Ultimately, in Roberts opinion, neither the label of "penalty" nor the fact it was intended to influence behavior mattered. Because the Supreme Court's duty is to defer to the elected branches when possible, the mandate must be upheld. That would seem to me is judicial restraint in action.

Again, whether the penalty is or is not a tax is immaterial in this specific case, since it is NOT up to the Supreme Court to judge its validity. That is left up to the legislative branch.

Stated another way...the Supreme Court ruled that the penalty fit the taxing criteria based on past laws. It is the jurisdiction of Congress, not the Supreme Court, to change that criteria.

Perhaps Roberts used "mental gymnastics" as the basis for his ruling, BUT to me he properly deferred to the mess that Congress made in his carefully crafted opinion. As he said, “it is not the job of the Supreme Court to protect people from the consequences of their political choices.”


--Zorro

Anonymous said...

"The point is this. If the limited view of the Commerce power endorsed by the Chief Justice and four other members of the Court has any meaning, it cannot be so readily undercut by a capacious view of the taxing authority."

I thought the Supreme Court can rule on two separate constitutional issues for the same law.

And it depends upon one's view if the taxing authority is or is not capacious.

--Zorro

Anonymous said...

"From the beginning of our government, the courts have sustained taxes although imposed with the collateral intent of effecting ulterior ends which, considered apart, were beyond the constitutional power of the lawmakers to realize by legislation directly addressed to their accomplishments." -- Sutherland, J., for a unanimous Court, in A. Magnano Co. v. Hamilton, 292 U.S. 40, 47 (1934). That's George Sutherland, one of the Four Horsemen, Republican appointee of President Harding, and one of the most conservative justices ever to sit on the Supreme Court.

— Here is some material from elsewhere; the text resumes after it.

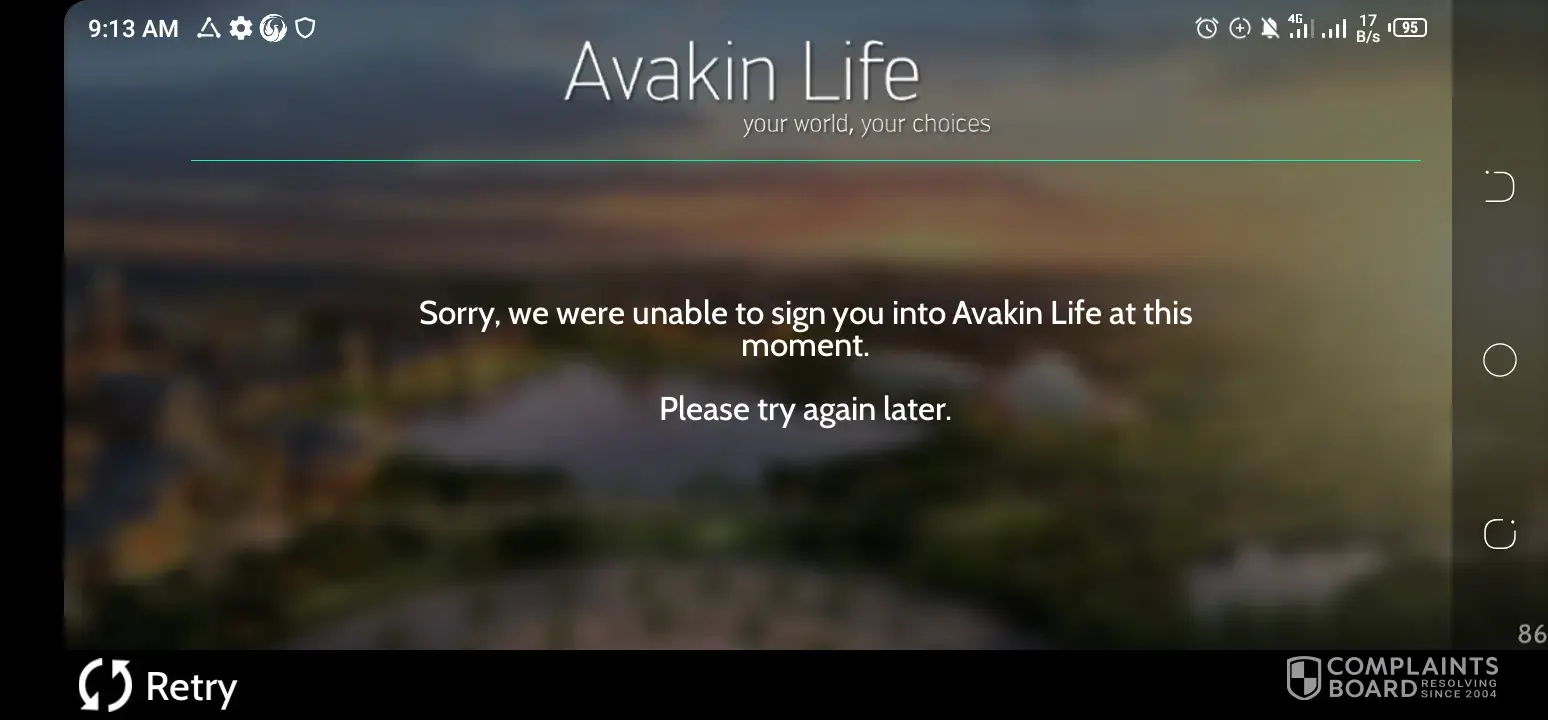 "Login Failed Sorry, we were unable to sign you into Avakin Life at this moment. Please try again later"

You are recommending a "limiting principle" on the power to tax that Justices Sutherland, McReynolds, Van Devanter, and Butler rejected. You are more reactionary than the most reactionary judges who ever sat on the Supreme Court! And the scary thing is, four of the current Supreme Court justices would probably buy your argument.

jp said...

Seriously.

Because Justice Ginsburg (aka“the broccoli horrible”) got all wee-weed up makes the decision great for me.

Now that is fully cute.

Dad29 said...

Zorro's arguments are erroneous, illogical, and/or frivolous.

But he sure wallpapers a lot of blogs with them!

Anonymous said...

Too bad Dad29 lacks the intelligence to counter Zorro's arguments. He would rather make inane statements.